June 18, 2011

- Clean this mess up NOW!
Dear Mrs. Figgins:
I’m 19 and dating a 23 year old. There is a huge part of me deep down that knows he’s not the one, and I admit (at least to you) that I don’t trust him much. He’s treated me pretty badly. He’s never been physically abusive, but he has been extremely emotionally and verbally harsh. It gets worse when he drinks.
He’s being deployed next month.. My gut is that I should just tell him now that I don’t want to continue our relationship. But my other feeling is that maybe it would be the honorable thing to wait and not tell him now, especially when he may be going off to war. He’s using his deployment as a reason for us to be sexually intimate. My faith doesn’t allow this.
If I tell my Mother (forget telling my Dad), her answer would be for me just to tell him it’s off NOW.
Mrs. Figgins, I just don’t know what to do. I’m not the confrontational type, so maybe that’s why I’m in this state.
He’s off war and I’m in a mess!
Dear In A Mess:
Let me start by saying that both your Mom and Dad would be very proud that you held on to your faith and made the right decision regarding pre-marital sex. The other choice may have been life altering.
Your Mother is wise: Tell him it’s off NOW.
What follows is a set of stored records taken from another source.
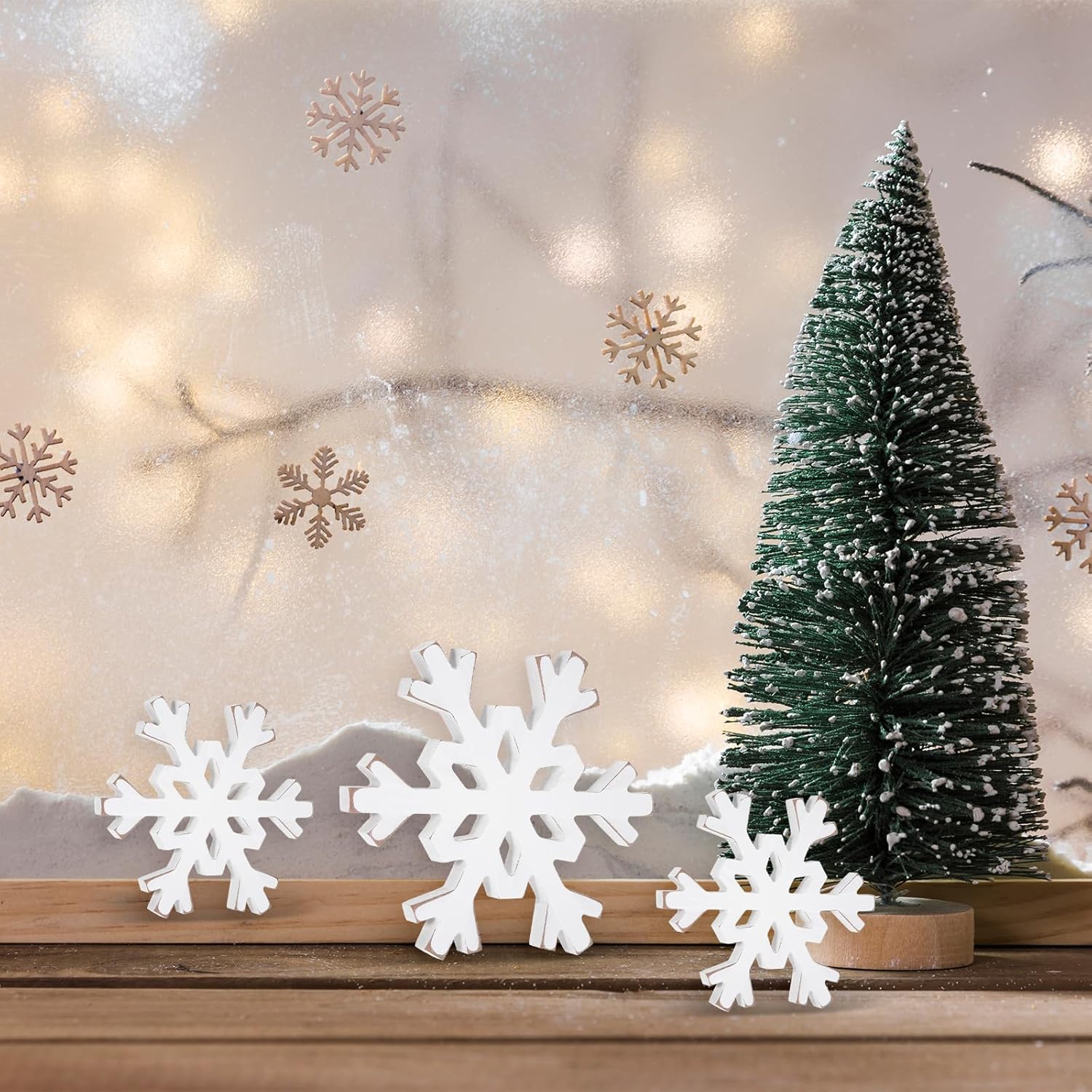 - Versatile Decor Options: Place them on mantle, shelf, coffee table, or fireplace—they work as Christmas mantel decor, Christmas shelf decor, or table top Christmas decor. Suitable for home, office, or party use, matching other Christmas snowflake decor effortlessly.
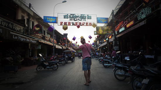 Zur Orientierung haben wir uns gleich mal zwei Fahrräder ausgeliehen und Siem Reap erkundet. Unseren eigentlichen Versuch, zum Tonle Sap See zu fahren, mussten wir hitzebedingt nach einigen Kilometern abbrechen (37 Grad) und haben uns stattdessen auf dem Psar Chaa Markt umgeschaut. Da gibts wirklich alles zu super Preisen, wie wohl fast überall in Südostasien. Es wird einem ja schon immer vorher von Freunden gesagt, die schon mal hier irgendwo unterwegs waren, aber es ist wirklich so: Am besten, man fliegt mit einem komplett leeren Rucksack hierher! Das einzige sind Arzneimittel und Sonnencreme, die unbedingt mit müssen, weil alle "westlichen" Produkte um ein vielfaches teurer sind.
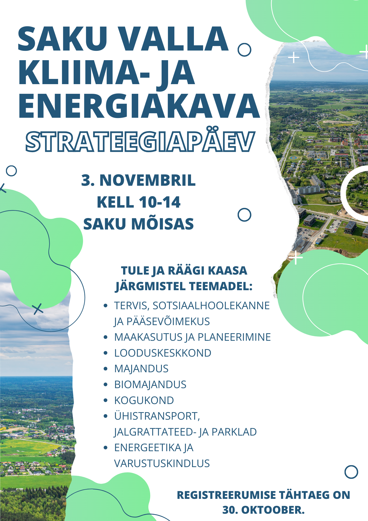 Olete oodatud Saku valla kliima- ja energiakava strateegiapäevale 3. novembril kell 10 Saku Mõisa.
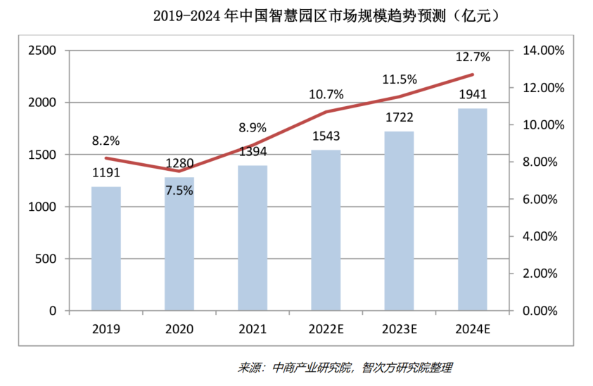 智(zhi)次方研究院(yuan)在《2023年(nian)(nian)中(zhong)(zhong)國AIoT產業全景圖譜報告》中(zhong)(zhong)判斷,智(zhi)慧(hui)園區作(zuo)為產業升級轉型的重(zhong)要(yao)載體(ti),產業穩步(bu)增長(chang),市場規(gui)模由2019年(nian)(nian)的1191億(yi)元(yuan)增至2021年(nian)(nian)的1394億(yi)元(yuan)。預(yu)計(ji)2022年(nian)(nian)智(zhi)慧(hui)園區市場規(gui)模將達(da)1543億(yi)元(yuan),2024年(nian)(nian)將進一步(bu)增至1941億(yi)元(yuan)。

I hope this ordeal has made an indelible mark on the choices and decisions that you make along your path.
Mrs. Figgins
Love,Relationships,advice
June 12, 2011

- Sometimes we just need to get our head out of the sand!
Dear Mrs. Figgins:
I am 23 years old and have developed a crush on one of my friends. He tells me he’s had strong feelings for me for a long time and can’t get me out of his mind. He wants to date.
There is just one little problem: my best friend since childhood has feelings for him, too. He tells me he doesn’t feel the same about her. I know he’s led her on, making her think there might be a possibility of a relationship between them some time down the road.
All along he’s been seeing other girls and not fessing up. He says he hasn’t told her that there’s no chance between them romantically because he loves her as a “friend” and doesn’t want to hurt her feelings. They’ve been friends for a long time, too. I’m not sure how to handle this?
I’m stuck in the middle!
Dear Stuck:
UNSTICK and QUICK!!!
Good friends last a lifetime -“crushes” don’t.
He’s led her on. What makes you think you are going to be any different?
This is not worth losing a lifetime friend over – and this guy doesn’t sound like a good bet at any table.
Life has a wonderful way of sorting things when we get out of the way.